Sedangkan Herbeth Feith menyatakan bahwa ada maksud-maksud dari pihak para perwira senior untuk menghapuskan sistem demokrasi parlementer melalui suatu kudeta militer. Tetapi para perwira itu kemudian memutuskan untuk tidak menjatuhkan kabinet Ali Sastroamidjojo. Pertimbangan mereka untuk menunda kudeta itu adalah bahwa mereka takut dituduh menhancurkan peluang bagi demokrasi konstitusional di Indonesia menjelang dilangsungkanya pemilu. Tetapi ia berkesimpulan bahwa kabinet Ali Sastroamidjojo dijatuhkan oleh satu kekuatan saja. Mekanisme yang menyebabkan kejatuhanya adalah mekanisme partai-partai dan parlemen, tetapi momentum bagi kejatuhan itu datangnya dari Angkatan Darat dan tidak dari pihak lain.

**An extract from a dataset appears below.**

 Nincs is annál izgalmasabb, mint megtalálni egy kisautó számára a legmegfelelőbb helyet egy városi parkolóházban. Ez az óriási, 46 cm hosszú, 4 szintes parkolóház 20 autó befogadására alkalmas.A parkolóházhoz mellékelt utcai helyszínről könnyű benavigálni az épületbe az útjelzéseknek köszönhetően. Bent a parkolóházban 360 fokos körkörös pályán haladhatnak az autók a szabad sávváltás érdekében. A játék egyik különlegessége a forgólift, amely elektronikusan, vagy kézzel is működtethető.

Arti penting Peristiwa 27 Juni 1955 tidak semata-mata menyebabkan jatuhnya Kabinet Ali Sastroamidjojo. Yang menarik adalah penolakan untuk kedua kalinya dari pihak militer terhadap tawaran para pemimpin militer untuk tidak melibatkan tentara ke dalam politik praktis. Politisi lebih mengutamakan keuntungan politis jangka pendek yang relatif kurang penting daripada upaya untuk menata kembali secara prinsipil hubungan antara pemerintah dan militer. Yang tidak mereka sadari adalah bahwa hubungan antara para pejabat sipil dengan pihak tentara semakin memburuk sejak awal 1955, sehingga secara berangsur-angsur ketidakpercayaan korps perwira terhadap politisi semakin kuat. Sikap kabinet yang mengabaikan Piagam Yogya pada akhirnya menutup peluang bagi para politisi untuk menguasai tentara hanya dengan siasat pecah-belah.
Peristiwa 27 Juni juga membuka mata para perwira militer bahwa alternatif-alternatif dalam hubungan militer dengan pemerintah tidak sekedar merupakan pilihan antara pengakuan penuh atas supremasi sipil, upaya-upaya untuk meminta perlindungan dari kalangan tertentu dalam struktur kekuasaan sipil, atau suatu kudeta militer. Namun masih ada satu alternatif lain, yaitu upaya untuk menjamin bahwa pandangan Angkatan Darat diperhitungkan dengan jalan menolak kerjasama dengan pemerintah. Arti penting lainya adalah bahwa Peristiwa 27 Juni 1955 telah menghidupkan kembali gagasan bahwa tentara tidak dengan sendirinya harus menerima baik semua instruksi dari orang-orang yang duduk di kabinet. Kemenangan yang dicapai Angkatan Darat telah memperkuat rasa percaya diri mereka dan kemungkinan bahwa selanjutnya mereka akan berusaha menjamin agar militer dimintai pendapat mengenai soal soal militer dan bahkan permasalah non militer.
Untuk mengenang jasa beliau, nama Jenderal Bambang Utoyo diabadikan pada nama jalan di kota Palembang. Demikian artikel mengenal sosok Jenderal Bambang Utoyo In History, semoga berguna dan dapat menambah wawasan pengetahuan dan arsip sejarah nasional. Dikuitp dari beberapa sumber.